_Exercise description:_ Excluding any images, copy all of the lines below precisely as written.

_Given information:_
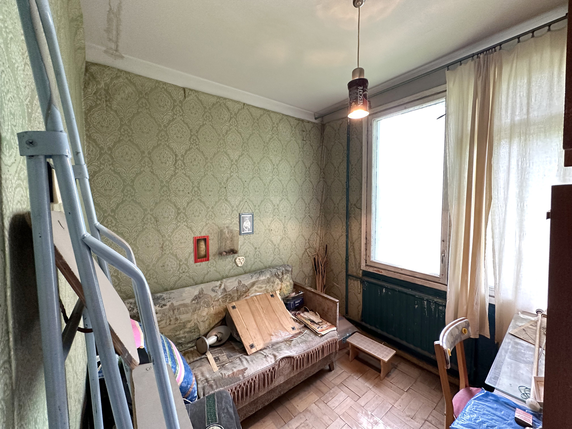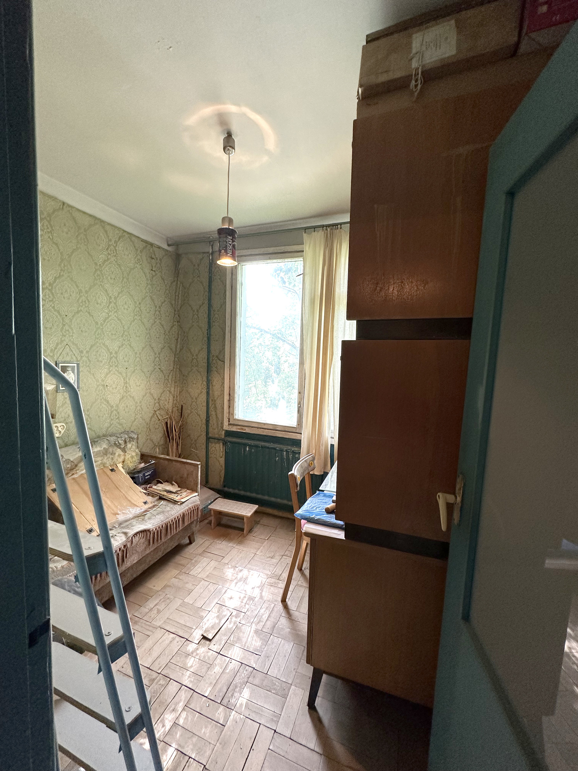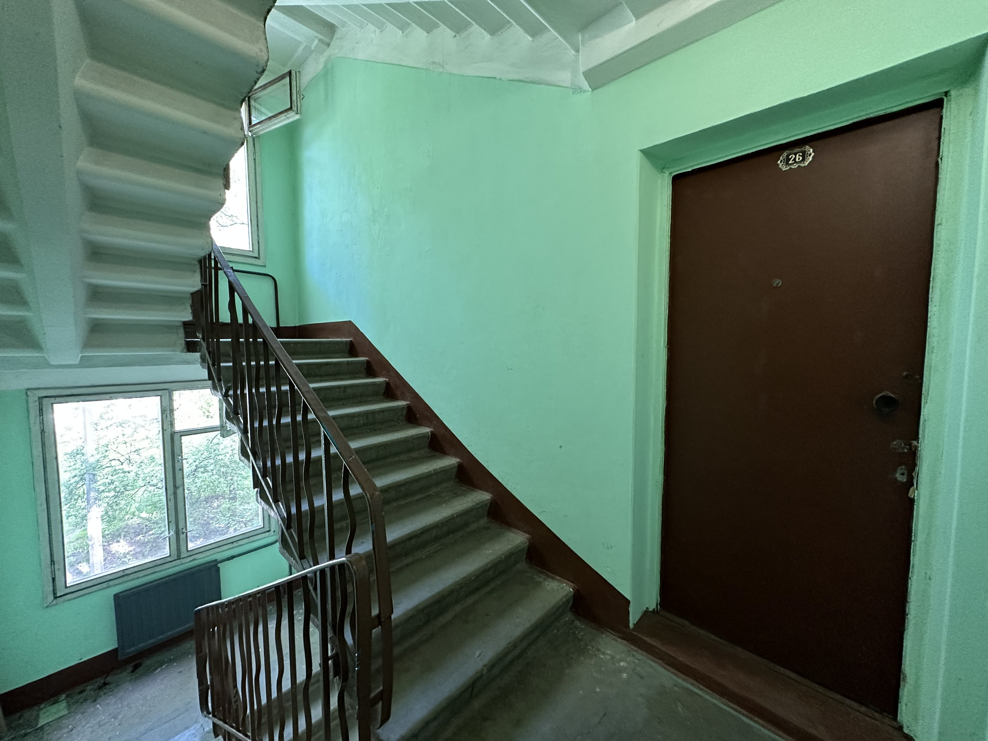 Окна выходят на две стороны (все солнечные) в тихий зелёный двор. На этаже две квартиры, хорошие соседи. Мусоропровода в доме нет, в парадной чисто.
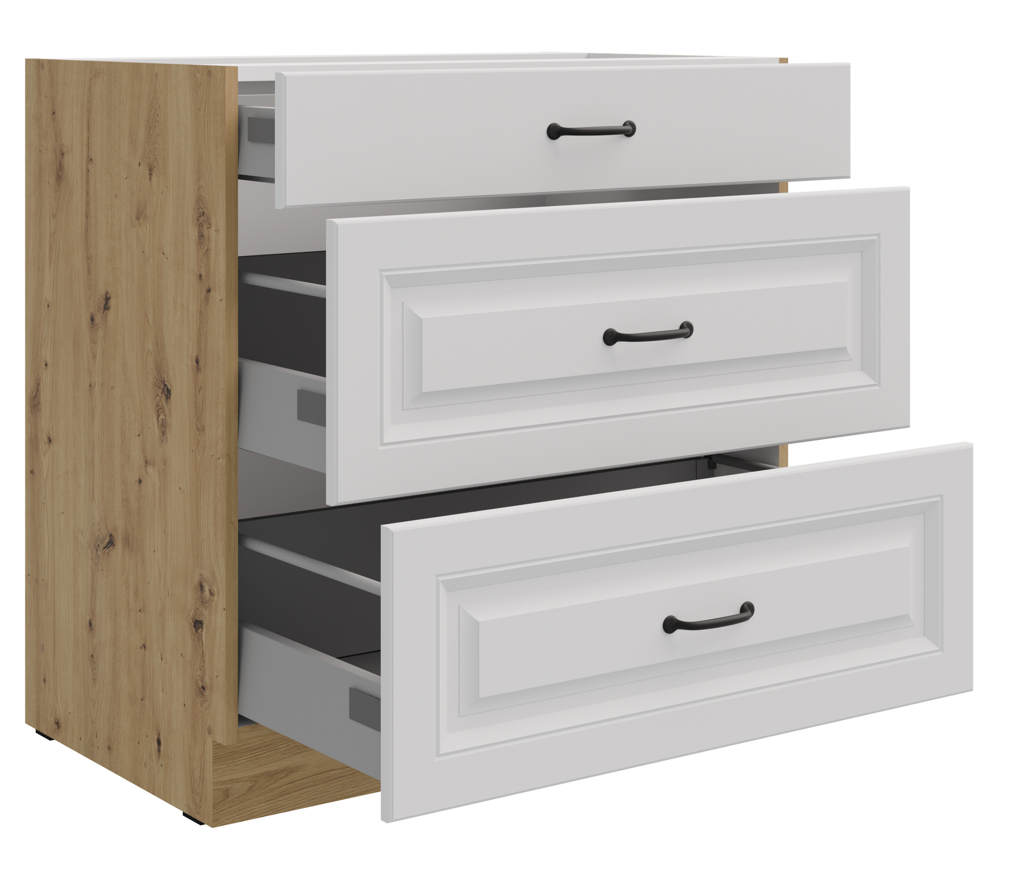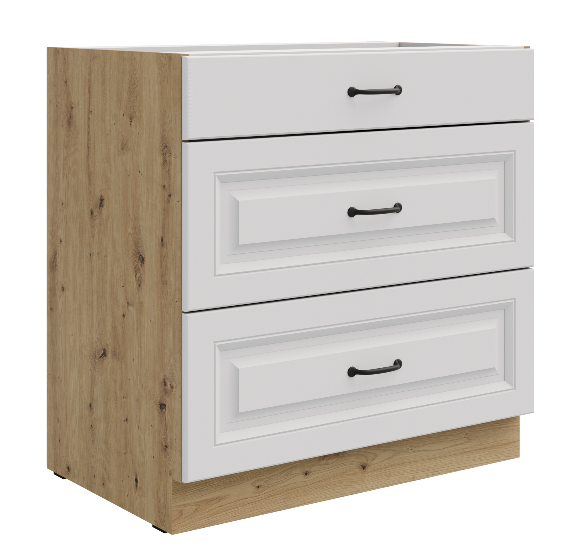 Dolní skříňka STELLO - 80 D 3S BB, Dub Artisan/Bílý mat
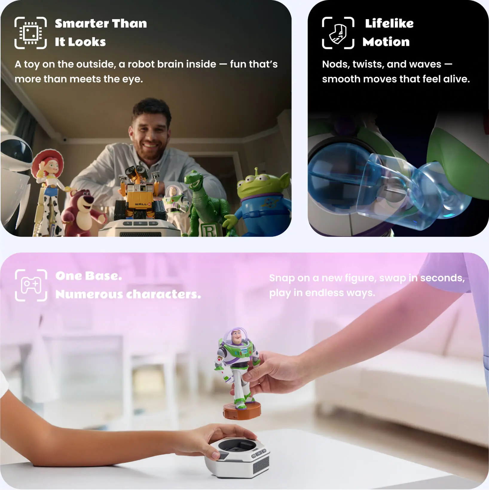 ·One Base, Endless Fun: Snap, swap, and play with different characters in seconds.

_Problem solution:_
 Окна выходят на две стороны (все солнечные) в тихий зелёный двор. На этаже две квартиры, хорошие соседи. Мусоропровода в доме нет, в парадной чисто.
 Dolní skříňka STELLO - 80 D 3S BB, Dub Artisan/Bílý mat
 ·One Base, Endless Fun: Snap, swap, and play with different characters in seconds.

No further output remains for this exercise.